Figure 3.

KOs alter virus entry and the expression of HIV-1 Gag and autophagy proteins LAMP1 and LC3B-II

(A and B) WT and PICALM KO cell lines were infected with WT NL4-3 or -heat-inactivated virus containing BlaM-Vpr (MOI = 1) for 2 h and virus fusion was evaluated by the expression of cleaved CCF2 (acquired in Pacific blue channel, LSR Fortessa BD biosciences). (A) Representative dot plots and (B) bar graphs of % of cells + for cleaved CCF2 (BlaM +).

(C and D) WT and PICALM KO cells were infected with NL4.3 for 48 h and CD4-BV421 expression were analyzed by Flow cytometry.

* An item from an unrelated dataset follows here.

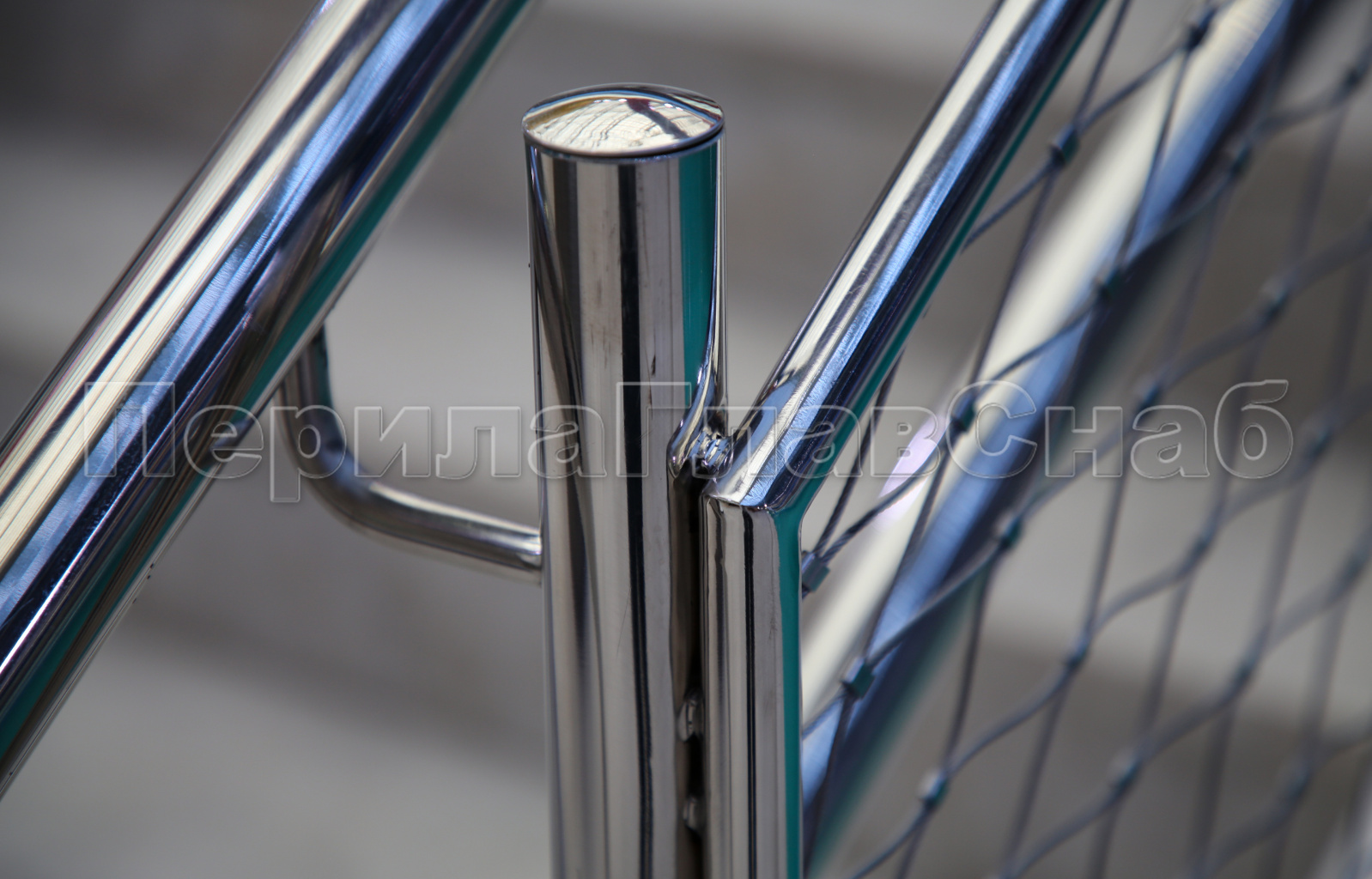 Так же на данном объекте нами были установлены ограждения из полированной нержавеющей стали конструктив которых состоял из стойки диаметром 38мм, двойного поручня такого же диаметра, завязанного между собой с заполнением между стоек сеткой. Сетка была смонтирована точечной сваркой. Каждый пучок тросов приваривался после натяжения к металлической конструкции, что потребовало кропотливой и трудоемкой работы монтажников. Все сварные швы ограждения так же были зачищены и заполированы.

(E) Data representative of uninfected WT and PICALM KO stained for CXCR4 BB700. WT and PICALM KO were infected with NL4.3 for 48 h (MOI 5, n = 3), and 2 h before harvesting, treated with BafA1 (100 nM), then collected for IF, coverslips were treated with 0.1% Saponin to deplete free cytoplasmic LC3BI, then stained for Gag (AF488), LAMP1 (AF647), LC3B (AF594) and DAPI.

(F and G) Representative images and plotted data showing (H) LAMP1, (I) LC3B-II expression, and (J) LAMP1 and LC3B-II colocalization. Relative values (%) were calculated by setting WT values to 100%. μm, micrometer; KO, knock out; ∩, colocalization (intersection); UI, uninfected; Inf., infected. Ո, colocalization (i.e., intersection). ∗p < 0.05; ∗∗p < 0.01; ∗∗∗p < 0.001; ∗∗∗∗p < 0.0001; 1-way ANOVA, Tukey post-test.